A quick glance at a church history book will almost always reveal Martin Luther as one of the key players in bringing reformation to the church. Among other things, he emphasized scripture alone as the final authority for Christians and also the priesthood of all believers. Martin Luther taught that every believer could go right to God himself and didn’t need an intermediary. These are vital truths that Martin Luther taught us from the scriptures.
However, Martin Luther did not teach the ministry of all believers. The ministry of all believers is a truth that is being released in the church now by the Holy Spirit to bring another great reformation in the way the church thinks and functions.
In Paul’s landmark letter to the Ephesian Christians, he included a statement teaching them that it is the job of leadership to train the believers to do the work of ministry. The leaders were not supposed to spend their time doing ministry, they were to invest their time by teaching others to do ministry. Ministry is not a job for the “professionals” to do; it is for everyone. Every believer can and is expected to evangelize, baptize, disciple, cast out demons, heal the sick and do the works of Jesus.
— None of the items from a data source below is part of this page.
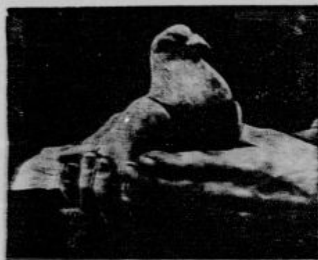
Posetni grinih, ki je zmagnal na veliki tekmi Harwachi-Berlin. Zmagnal je razdalje 850 km v 42 urah. Imel je povprečno hitrost 200 km na uro, kar za grinih ni kaničobi.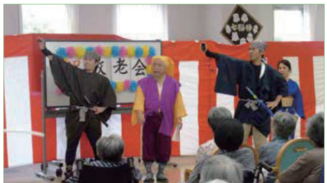
〈このもんどころが目に入らぬかーっ!〉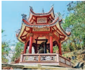
Пагода Лонгшон в Нячанге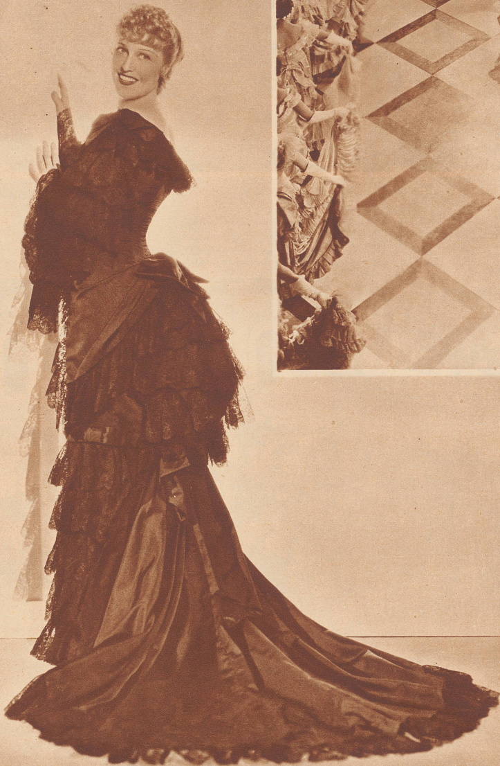
Jeanette Macdonald in der Titelrolle.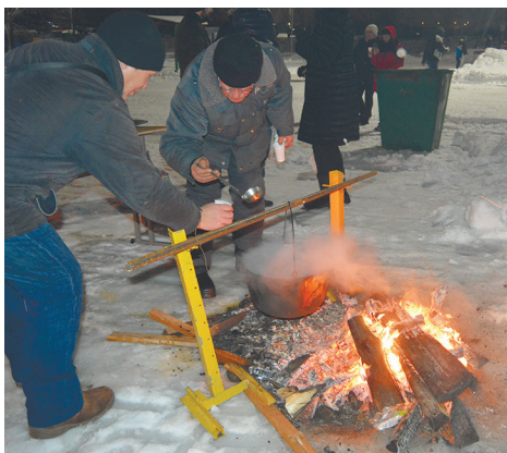
Кашу готовили на костре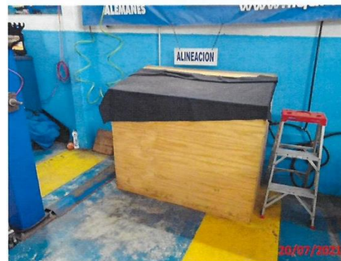
Imagen 3.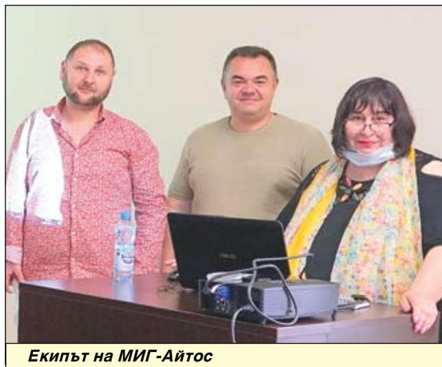
Екипът на МИГ-Айтос

рев подписа договор с Държавен фонд „Земеделие“ и МИГ-Айтос за отпускане на безвъзмездна финансова помощ за изпълнение на проект „Вътрешно преустройство на кафе-аперитив в административната сграда на общински комплекс „Алея на занаятите“, в посетителски център. Финансирането беше предоставено по процедура чрез подбор на проектни предложения, по мярка 7.5. „Инвестиции за публично ползване в инфраструктура за отиди, туристическа инфраструктура“ по Стратегията за Водено от общностите местно развитие на СНЦ „МИГ-Айтос“ от Про-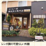
レンガ調の可愛い外観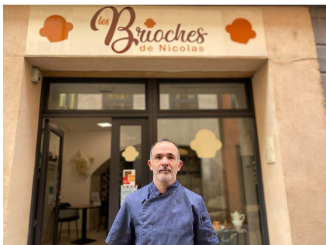
Les Brioches de Nicolas à Carpentras - ouvert en mars 2020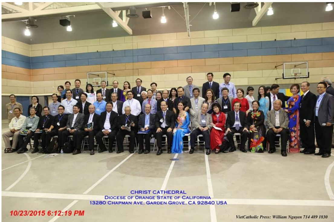
Đại Hội Hát Lên Mừng Chúa.

Tương nên nhắc lại "Đêm Nhạc Hội "Hát Lên Mừng Chúa" sẽ được tổ chức vào lúc 7:30 chiều thứ Bảy ngày 24 tháng 10 năm 2015 tại Nhà Thờ Chính Tòa Chúa Kitô, 13280 Chapman Ave, Garden Grove, California. Nhà Thờ Chánh Tòa Chúa Kitô Nhà Thờ Crystal Cathedral cũ, địa điểm này đã được biết đến khắp nơi trên thế giới vì những công trình kiến trúc đặc biệt nằm trong khu đất rộng 34 mẫu tây. Khu vực này có gần 2,000 chỗ đậu xe để khán giả không phải lo ngại về chỗ đậu.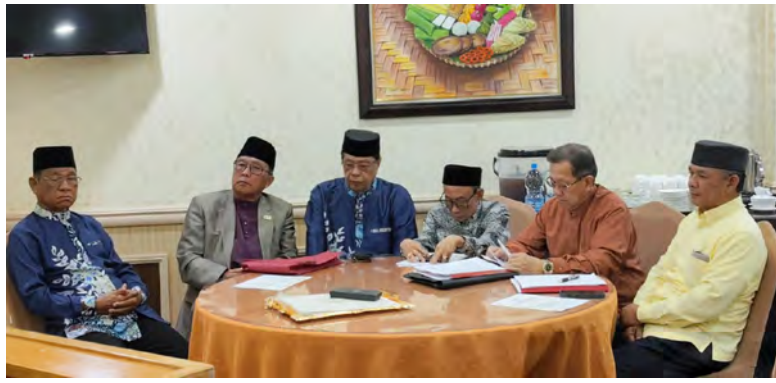
YANG Di-Pertua Pertubuhan WARGAMAS ketika menyampaikan ucapan (atas). Sementara gambar kanan dan bawah, antara ahli-ahli WARGAMAS yang hadir di majlis berkenaan.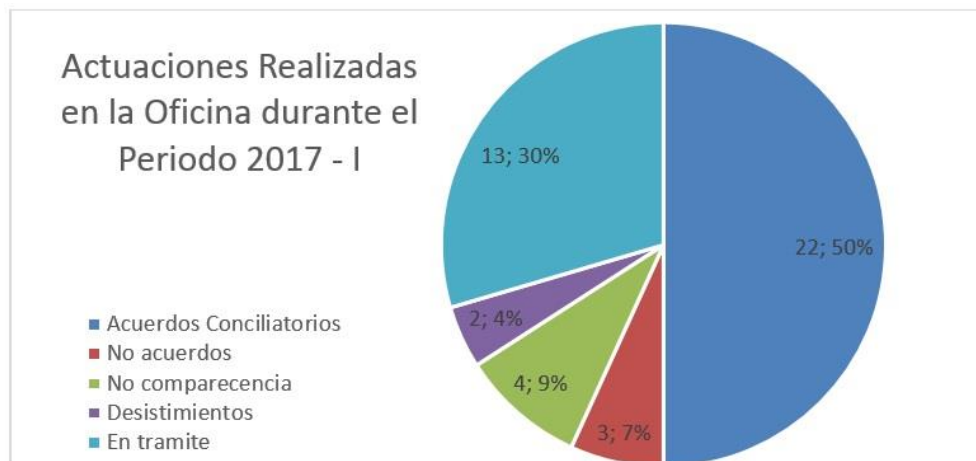
Figura 3 podemos observar cómo el 50% de las 44 solicitudes de conciliación que se iniciaron en la Oficina del Centro de Conciliación “Re-Conciliémonos” llegaron a un acuerdo que logro dar satisfacción a las partes convocadas en la mediación, en relación con el periodo 2016-I se puede ver que hubo una disminución de las solicitudes, pero también se puede evidenciar que el número de acuerdos en los dos periodos no varían en gran cantidad, máxime cuando en el primero periodo del 2016 fueron 26 acuerdos y en el primer periodo del 2017, fueron 22 acuerdos.

I once heard of someone describe an American football game as “22 players on the field badly in need of rest being watched by tens of thousands of people in the stands badly in need of exercise.” This might be a somewhat humorous description of a football game, but it is also a painfully honest description of what the church has looked like for hundreds of years. Scripture and the Holy Spirit cry out for this to change.
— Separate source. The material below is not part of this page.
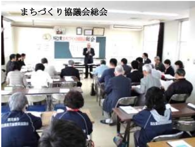
まちづくり協議会総会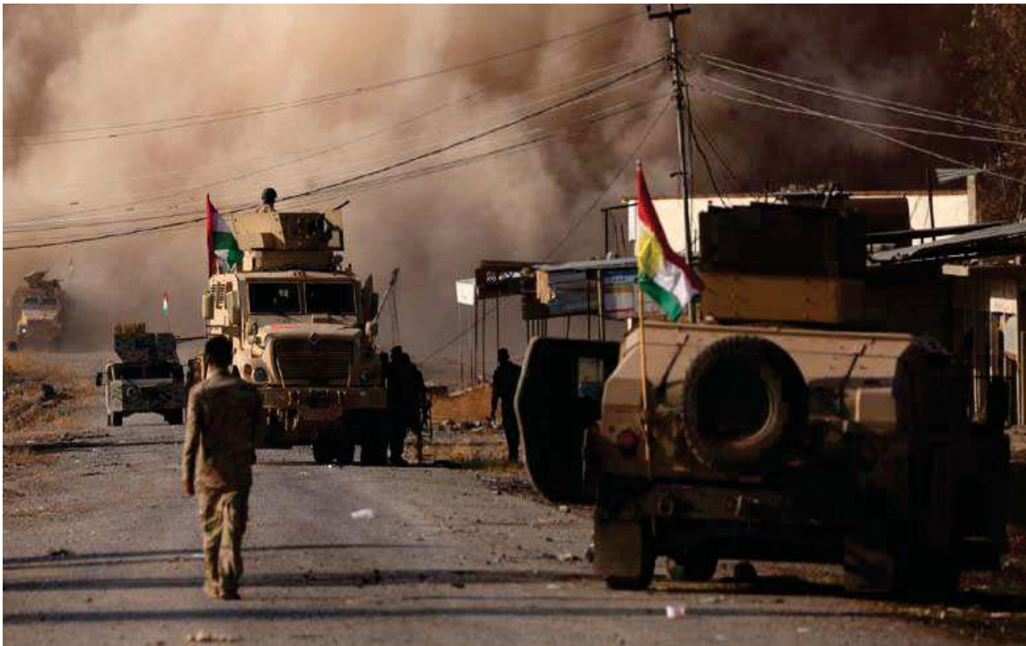
بهرگری و بهرخودانی هیزی پیشمه‌رگه‌ی کوردستان له کۆبانئ

If we are going to get everyone on the “kingdom” playing field, this will include the strength of the young and the wisdom of the old. Both Jeremiah and Malachi spoke prophetically of the kingdom of God bringing the generations together to enjoy and proclaim the blessings of God.

Brian Sauder, DOVE Manheim, serves on the DCFI Apostolic Council, gives leadership to DOVE Canada and is the director of DCFI’s Church Planting and Leadership School.